Presentation: Web Design with Video-Generation

We built the browser smart assistant based on Qwen3.7-Plus and completed the demo and recording by Qwen for Chrome browser plugin. Qwen for Chrome is a smart assistant embedded in the Chrome browser. Users can talk directly to Qwen on the sidebar of the browser and switch to Agent mode after authorization. In this mode, Qwen is able to sense the current web content, understand user tasks, plan operational steps and perform clicks, input, jump, configuration and validation in the real browser environment in the form of Browner Agent.

On this basis, Qwen3.7 Browser Agent integrates the large model 's page understanding, mission planning and GUI automated implementation capabilities.

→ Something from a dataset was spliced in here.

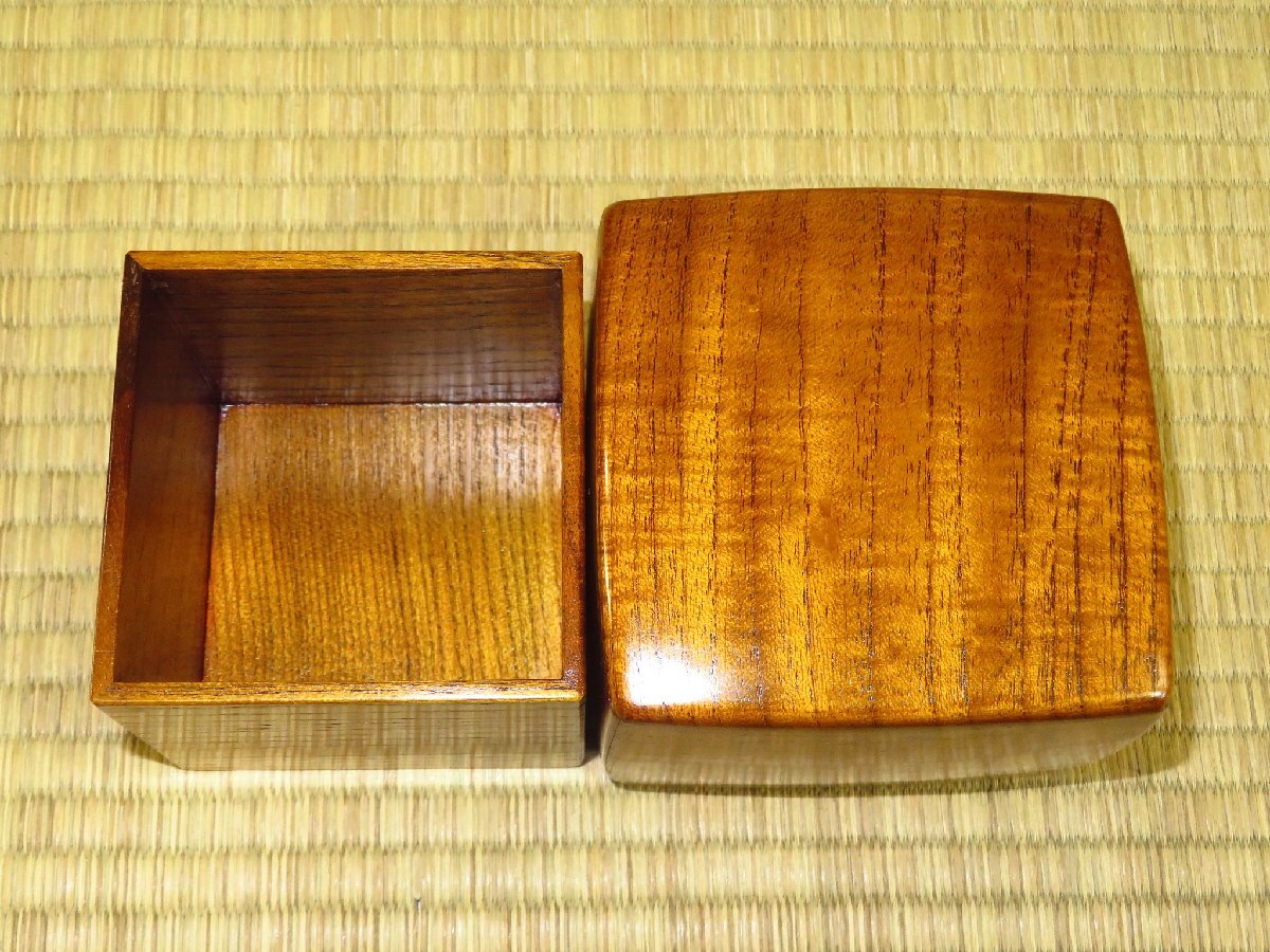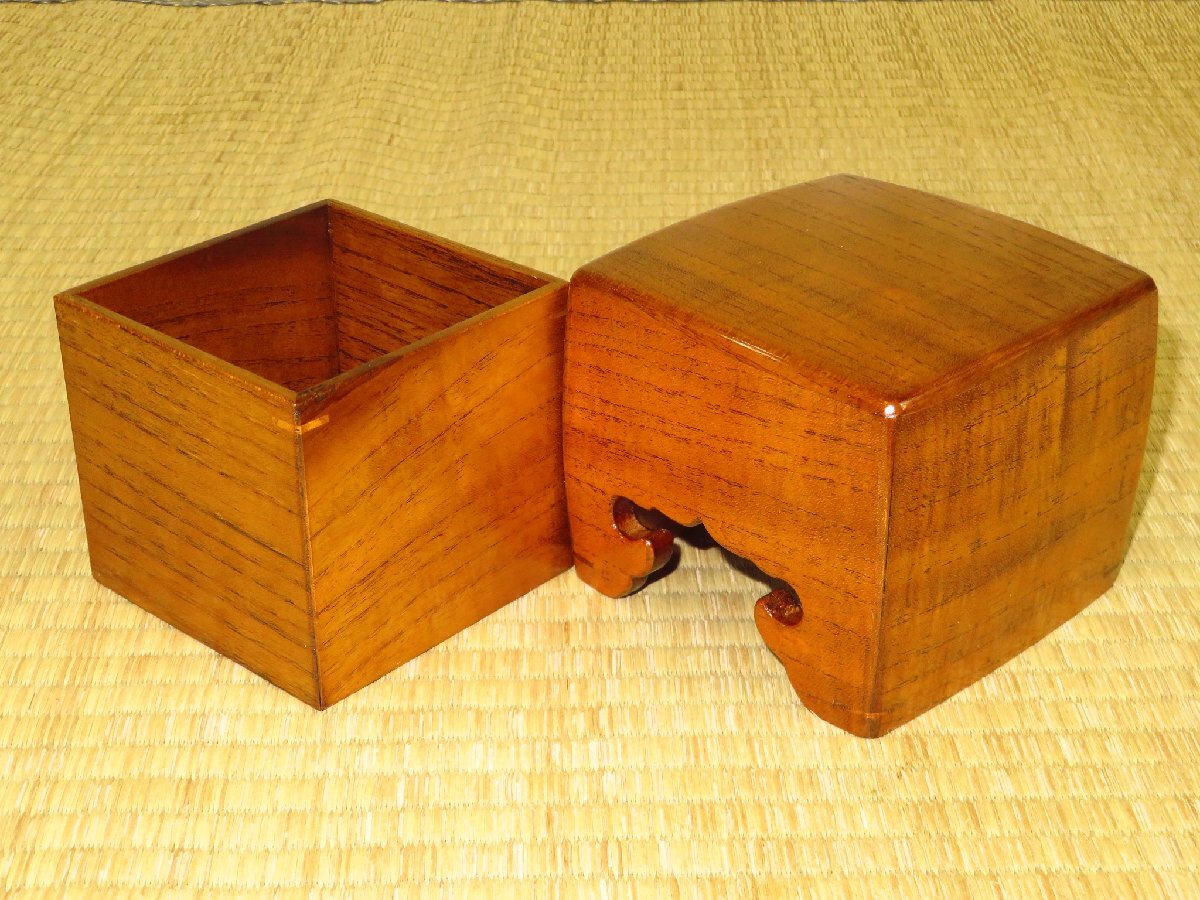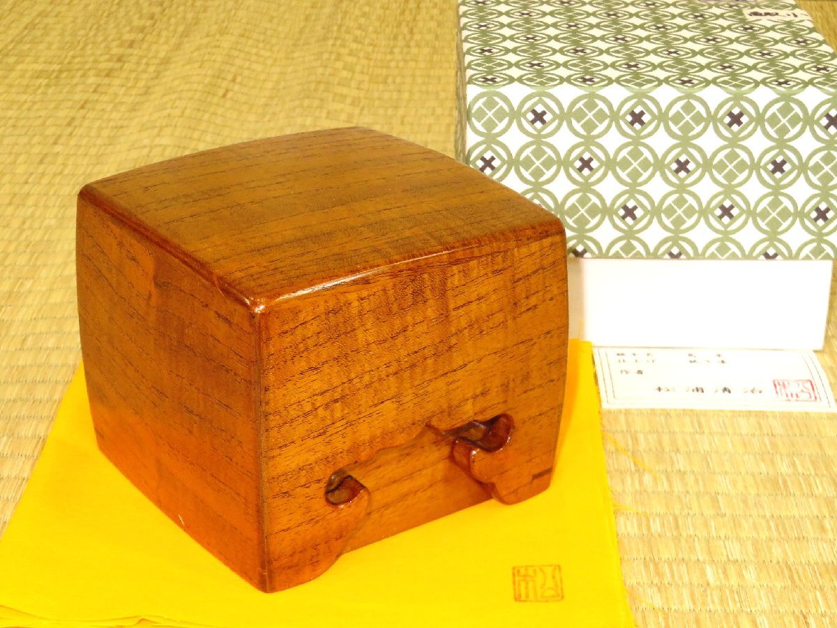 木地は駒箱材の最高峰、島桑。拭漆仕上げ。素材の良さを生かして野趣に重きを置く、味わい(詫び)重視の作風です。

In the face of the need for non-scientists to “purchase one of the cheapest ECS servers”, Agent is able to enter the cloud console directly, complete the full operation of the case specification, low-cost selection, mirror and storage configuration, security group setting, order confirmation, etc., and reflect and adjust strategies proactively when price changes, stock limitations or procurement are blocked. Subsequently, Agent continued to take over the case expansion and transport-wide upgrade tasks, automatically completing the shutdown, configuration adjustment, disk expansion, service restoration and results validation, covering the true usage of the cloud server from procurement to upgrading. The process that would have required the user to understand the logic of the complex console, to change pages and to screen questions manually can now be converted by Agent into a continuous, efficient and deliverable browser automated task.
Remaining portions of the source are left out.